Reproduce the entire listing exactly. Leave the pictures out.

◆ Dataset extract
____
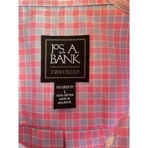 Jos. A. Bank short sleeve shirt in size Large. It is the Traveler series in a soft pink and blue plaid pattern. 100% cotton. Left chest front pocket.
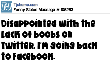 X says Disappointed with the lack of boobs on Twitter, I'm going back to Facebook.
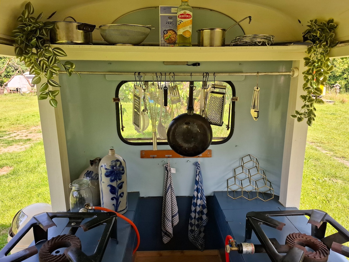 Denna husbil är rymlig och bekvämt inredd och ligger på en härlig avskild plats med panoramautsikt på vår ekologiska gård ”De Horsterhof” nära Arnhem. Det finns 2 sovrum med bra madrasser och täcken, badrum och kök med nödvändiga vitvaror. Dessutom finns det ett rymligt vardagsrum med soffor och ett matbord med 4 stolar. Här finns rinnande varmt och kallt vatten samt en radio/CD-spelare med Bluetooth och USB. Ingen Wi-Fi. Utanför på gräsmattan finns 2 bekväma stolar och ett picknickbord.
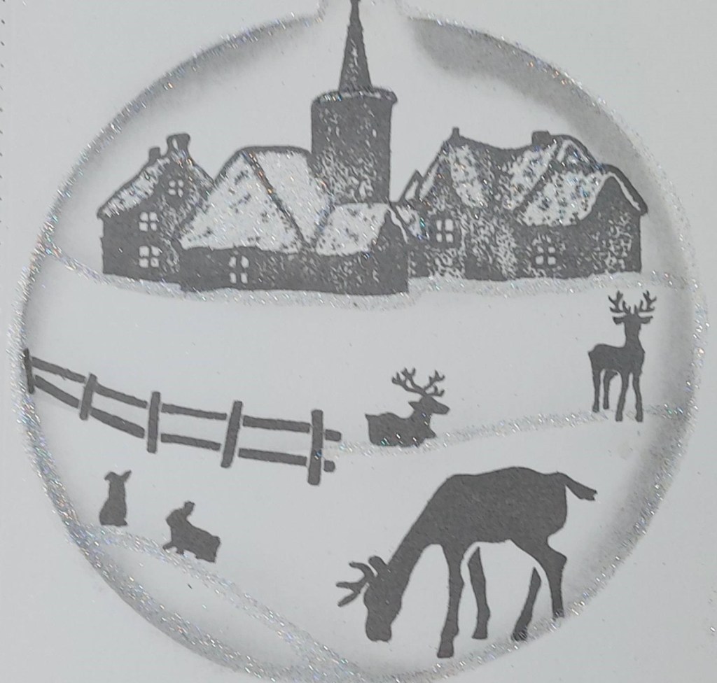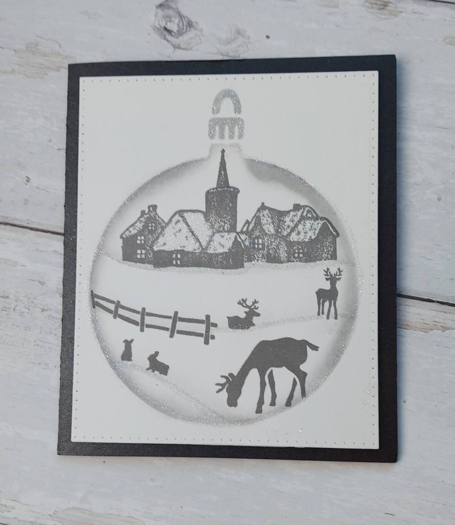 I began with a piece of Bristol Smooth card stock, then placed the Card-io Bauble stencil onto it. I stamped the little scene at the top with Distress Oxide ‘Weathered Wood‘, then placed the fence and animals where I thought they could sit.
____
◆ Your response
 Jos. A. Bank short sleeve shirt in size Large. It is the Traveler series in a soft pink and blue plaid pattern. 100% cotton. Left chest front pocket.
 X says Disappointed with the lack of boobs on Twitter, I'm going back to Facebook.
 Denna husbil är rymlig och bekvämt inredd och ligger på en härlig avskild plats med panoramautsikt på vår ekologiska gård ”De Horsterhof” nära Arnhem. Det finns 2 sovrum med bra madrasser och täcken, badrum och kök med nödvändiga vitvaror. Dessutom finns det ett rymligt vardagsrum med soffor och ett matbord med 4 stolar. Här finns rinnande varmt och kallt vatten samt en radio/CD-spelare med Bluetooth och USB. Ingen Wi-Fi. Utanför på gräsmattan finns 2 bekväma stolar och ett picknickbord.
 I began with a piece of Bristol Smooth card stock, then placed the Card-io Bauble stencil onto it. I stamped the little scene at the top with Distress Oxide ‘Weathered Wood‘, then placed the fence and animals where I thought they could sit.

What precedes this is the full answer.